= Frank I. Cobb =

Frank Irving Cobb (August 6, 1869 – December 21, 1923) was an American journalist, primarily an editorial writer, from 1896 to his death. In 1904, he succeeded Joseph Pulitzer as editor of the latter's New York World newspaper. He became famous for his editorials in support of the policies of liberal Democrats, especially Woodrow Wilson, during the Progressive Era.

==Career==
Cobb was born to a Yankee farm family in Shawnee County, Kansas, which includes the state capital Topeka. His parents were Minor H. Cobb and Mathilda A (Née Clark) Cobb, who was the first White child born in Grand Rapids. He grew up in a lumber camp in Michigan. Educated at local schools with a term at the state college, at age 21, he became a cub reporter on the Grand Rapids Herald for $6 a week. He moved up to political correspondent and finally city editor. After working on the rival Grand Rapids Daily Eagle (acquired by the Grand Rapids Press in 1892), Cobb went to a major metropolitan paper, the Evening News of Detroit, as political correspondent covering state politics. His vivid writing style and strong opinion brought a promotion to editorial writer in 1896, and chief editorial writer in 1899.

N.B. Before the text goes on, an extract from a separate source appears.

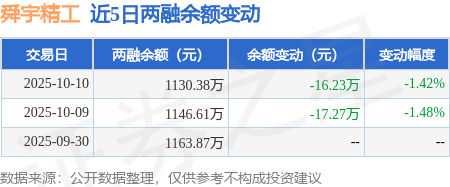 证券之星消息,10月10日,舜宇精工(920906)融资买入144.75万元,融资偿还160.98万元,融资净卖出16.23万元,融资余额1130.38万元。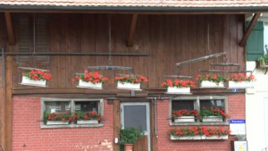 この写真はFeierlenhofの近隣の農家さん。軒下にはゼラニウムのプランターが置かれていて可愛らしい。古い馬具を天秤のように吊下げてあしらっているのがユニーク。

He was married first in 1897 to Delia S. Bailey and second, on October 2, 1913, to Margaret Hubbard Ayer, a well-known newspaper woman. He and Ayer were the parents of columnist Hubbard Cobb. He worked in New York City but retreated as often as possible to their suburban estate near Westport, Connecticut.

Cobb was editor of the World for almost twenty years, from 1904 until his death from cancer on December 21, 1923. A few months later, his widow received a special Pulitzer Prize "awarded to the widow of the late Frank I. Cobb, New York World, in recognition of the distinction of her husband's editorial writing and service." The organization now lists it as one of the Editorial Writing Pulitzers, which The Boston Herald won in 1924.

==New York World==
Cobb was an editorial writer at the Detroit Free Press from 1900 to 1904, when he was hired by Joseph Pulitzer, who owned the crusading New York City newspaper The World, then one of the two largest papers in the country. Cobb soon became Pulitzer's chief advisor and editorial writer.

The World reached the common man by a variety of news and entertainment features, and was a power in the Democratic Party because of its liberalism and its crusades against big business and government corruption. Cobb's hard-hitting editorials were widely read and reprinted.

At the 1912 Democratic National Convention in Baltimore, Cobb was a leader in making Woodrow Wilson, the intellectual Governor of New Jersey, the Democratic nominee for president. Cobb and Wilson became lifelong allies and personal friends.

==Relations with Pulitzer==
Cobb was a fiercely independent journalist who resisted Pulitzer's attempts to "run the office" from his home. However, the elder man might try, he simply could not keep from meddling with Cobb's work. Time after time, they battled, often with heated language. While they found common ground in their support of Woodrow Wilson as president, they disagreed on many other issues. Cobb wrote a precisely worded resignation when Joseph's son took over administrative responsibility in 1907. The editorial was printed in every New York paper except for The World. Pulitzer raged at the insult, but slowly began to respect Cobb's editorials and independent spirit. Exchanges, commentaries, and messages between them increased. The good rapport between the two was based largely on Cobb's flexibility. In May 1908, Cobb and Pulitzer met to outline plans for a consistent editorial policy. However, the editorial policy did waver on occasion. Renewed battles broke out over the most trivial matters. Pulitzer's demands for editorials on contemporary breaking news led to overwork by Cobb. Pulitzer revealed concern by sending him on a six-week tour of Europe to restore his spirit. Pulitzer died shortly after Cobb's return (in October 1911); then Cobb published Pulitzer's beautifully written resignation. Cobb retained the editorial policies he had shared with Pulitzer until he died of cancer in 1923.